The U.S. conducted a large-scale military and law enforcement operation in Venezuela that captured President Nicolás Maduro, who faces U.S. narco-terrorism charges and, according to the administration, is being transported to New York to face indictment. President Trump said the U.S. will 'run the country' until a safe transition can be arranged and reported no U.S. service-member fatalities; the operation was described as a massive, flawlessly executed raid.

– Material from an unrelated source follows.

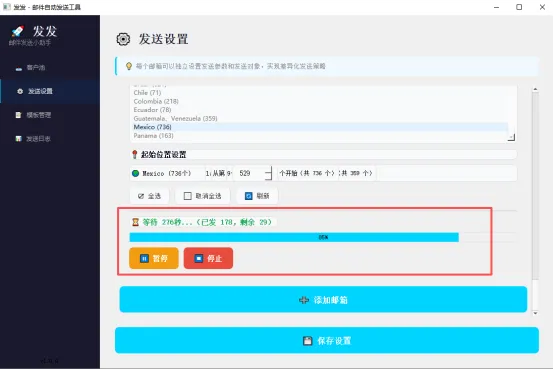发送开始后,还能实时看到发送情况,比如下一封发送时间、已发数量、剩余数量等,全部同步显示。

The event materially raises geopolitical and regional stability risk, with potential implications for Venezuelan sovereign risk, emerging-market capital flows and energy market volatility.

Analysis

Market structure: A U.S. armed intervention and temporary administration of Venezuela is a net positive for U.S. defense/security suppliers (LMT, NOC, RTX, GD) and insurance/PMI providers while being immediately negative for Latin American EM equities, Venezuelan-linked commodity buyers (China/India crude offtakers) and regional banks. Expect near-term upward pressure on Brent/WTI (+$3–$10/bbl within days if exports disrupted) and higher risk premia in EM credit (EM IG/High Yield spreads +50–300bp potential). USD, Treasuries and gold will rally as risk-off havens; carry/EM FX (BRL, COP, VES) will sell off. Risk assessment: Tail risks include Russian/Cuban asymmetrical responses, wider Caribbean missile/sea interdiction, cyberattacks on U.S. infrastructure, or retaliatory terrorism — each could spike oil +$10–$30 and equities down 5–15% over weeks. Immediate window (0–7 days): volatility and safe-haven flows; short-term (1–6 months): sanctions/legal processes, OPEC+ reactions and restoration of PDVSA flows; long-term (6–36 months): restructuring of Venezuelan assets and capital expenditure gaps that limit production increases. Hidden dependencies: Chinese/Indian refinery contracts, well-level decline rates and lack of capex mean supply restoration will be slow even if political control changes. Trade implications: Tactical: buy defense equities (basket) and volatility-hedged oil exposure (call spreads) while hedging with Treasuries/gold. Short EM beta via EEM/EWZ puts or tight sovereign CDS and reduce regional bank exposure. Timing: establish hedges within 48–72 hours; scale into defense/energy exposure over 2–12 weeks and re-evaluate after the next OPEC+ meeting or a confirmed legal custody timeline. Contrarian angles: The market will chase headline defense longs and oil longs; missing is the potential overreaction in EM sovereign/credit — dislocations could create 6–12 month buy opportunities in high-quality LATAM exporters (fertilizers/miners). Historical parallels (Gulf interventions) show immediate risk-premia then mean reversion over 3–12 months if supply disruption is contained; downside is U.S. governance of Venezuela creates protracted legal fights, reducing any quick oil upside and leaving defense wins muted if conflict de-escalates.